Prudential. Prudential reviewed the application and determined—based on the

medical answers—that further medical information was needed. Prudential sent

Mr. Alderman a “long form” on which he was to submit additional information.

Prudential says that it never received the long form back from Mr. Alderman and

that it advised him by letter dated January 2, 2005, that it was therefore closing its

                                           3
file on the application for increased coverage. Whether the long form was in fact

sent to Prudential is disputed. It is undisputed, however, that neither Prudential

nor Standard approved the application. The increase never took effect, and Mr.

Alderman was never charged an increased premium.

           Mr. Alderman died in a car crash on January 27, 2005. The

beneficiaries of his life insurance—appellants Cheryl Alderman and Cindy

Houck—assert claims in this action against Prudential and Standard for breach of

fiduciary duties in connection with the processing of the application for increased

coverage. Appellants seek to recover the difference between the amount that was

paid under the coverage that was actually in effect and the amount that would have

been paid had Mr. Alderman’s application for an increase been granted.

                                         II

           Prudential and Standard filed separate motions for summary judgment

on multiple grounds. Appellants responded on the merits without seeking a

continuance under Federal Rule of Civil Procedure 56(f) or otherwise asserting the

matter was not ripe for a decision. The district court granted the motion on the

ground that the ERISA provision invoked by appellants—29 U.S.C.

§1132(a)(3)—authorizes only “equitable relief” and thus does not allow recovery

of the damages sought by appellants. Based on this ruling, the district court did

                                          4
not need to address—and did not address—the other grounds asserted in the

motions for summary judgment.

                                         III

           An appellate court of course may affirm a judgment on any ground

supporting the result. See, e.g., Turlington v. Atlanta Gas Light Co., 135 F.3d
1428, 1433 n.9 (11th Cir. 1998). The record establishes without dispute that had

Mr. Alderman’s application for increased coverage been submitted to

Standard—as it should have been—Standard would have denied the application

based on its established underwriting guidelines as then in effect. In support of its

motion for summary judgment, Standard submitted an uncontradicted declaration

of its supervising underwriter making this clear.

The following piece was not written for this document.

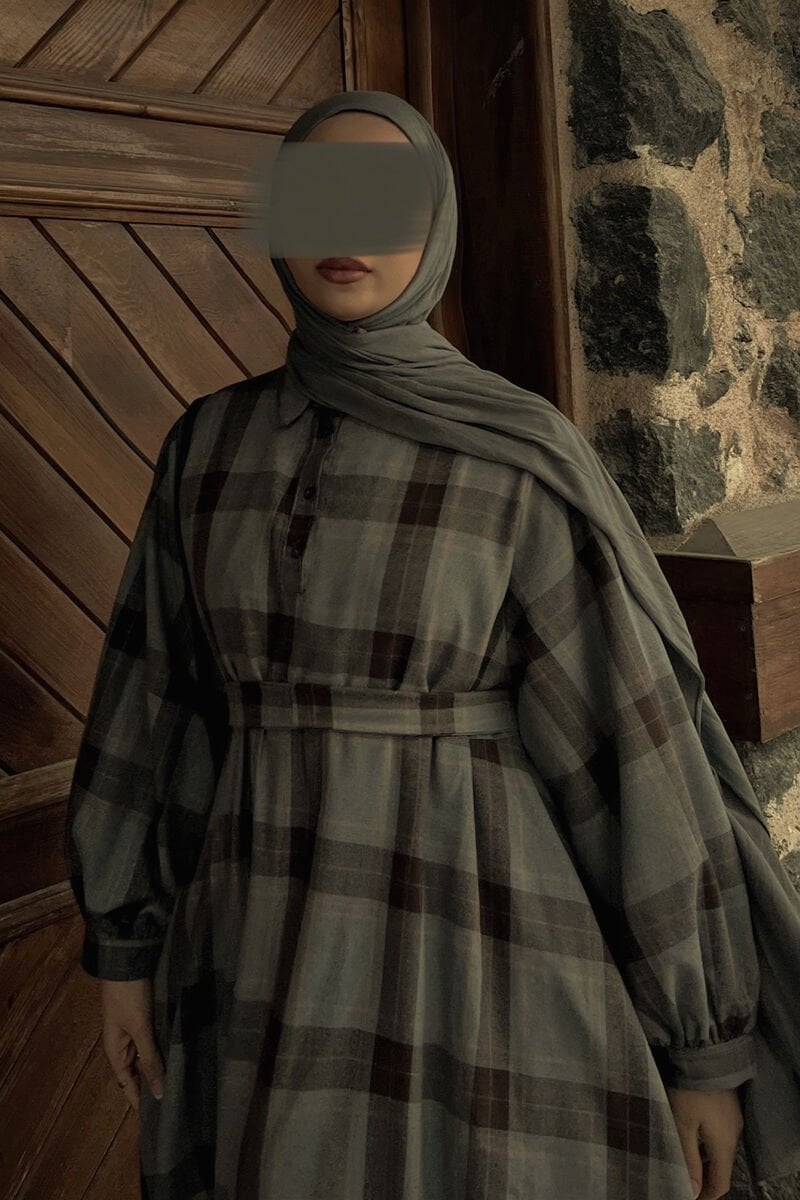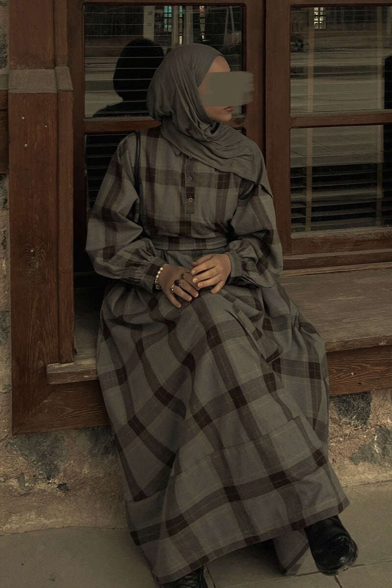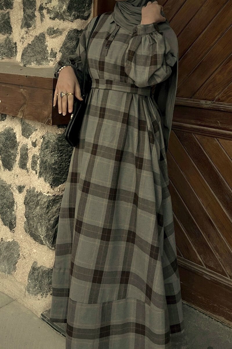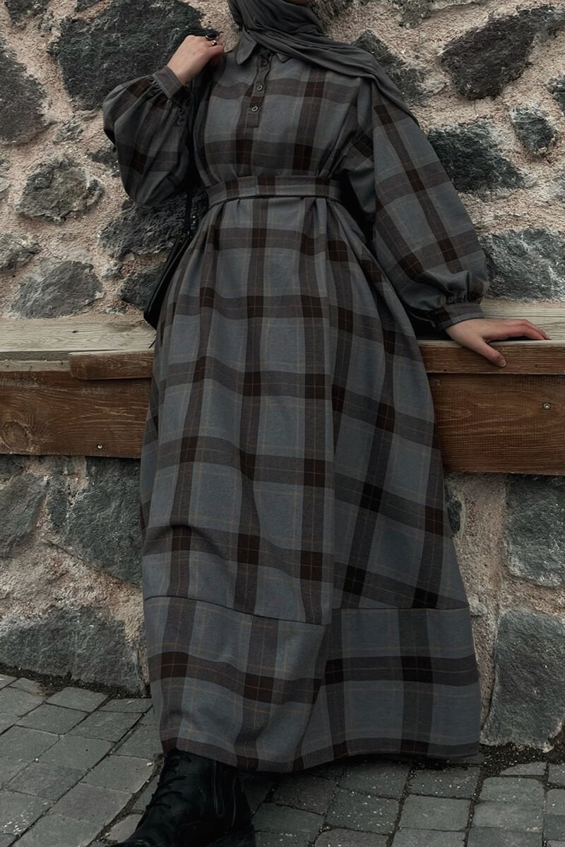Antrasit Ekoseli Vintage Elbise / zarifmehlika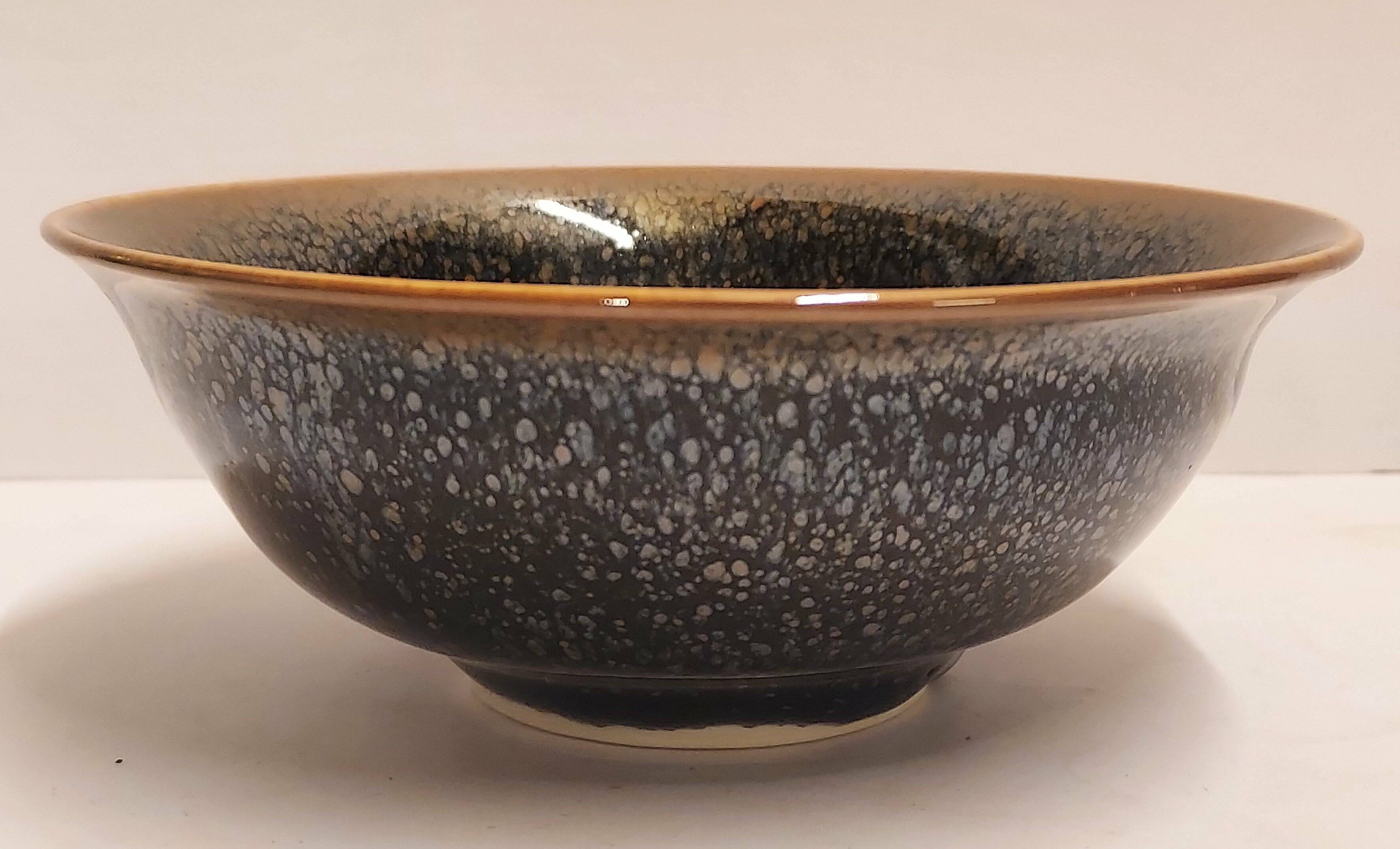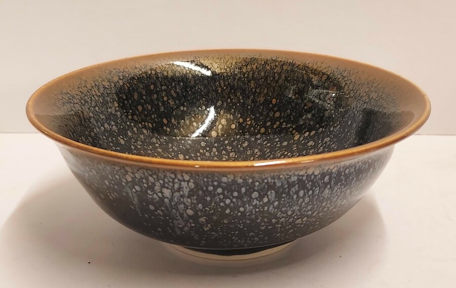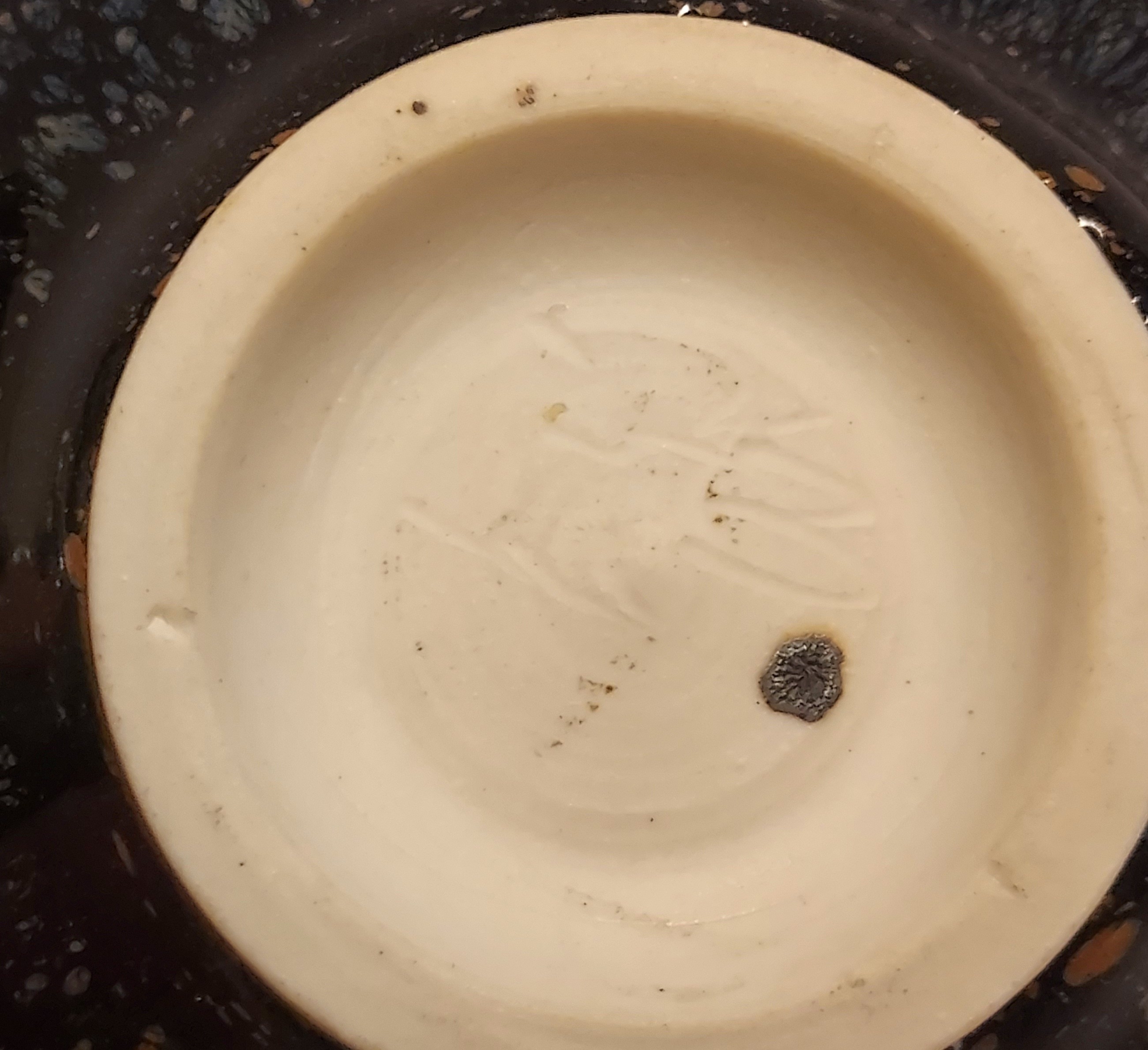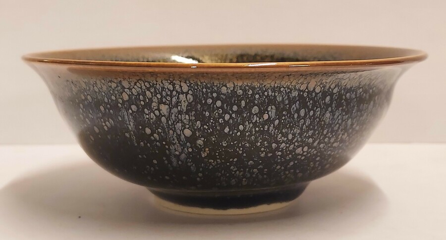 Con esmalte Tenmoku moteado. La parte inferior está firmada.

           Appellants assert that the law forbids a post-mortem analysis of

whether Mr. Alderman’s application would have been approved. But that makes

no sense. If, as appellants assert, Mr. Alderman’s application was mishandled,

then his beneficiaries are entitled, at most, to have the error corrected and any

resulting harm undone. Here there was no harm. Put differently, the beneficiaries

may or may not be entitled to what they would have received had the application

been handled properly—but they most assuredly are not entitled to proceeds that

they never would have received under any circumstances.

                                          5
                           IV

For these reasons, the judgment in appellees’ favor is AFFIRMED.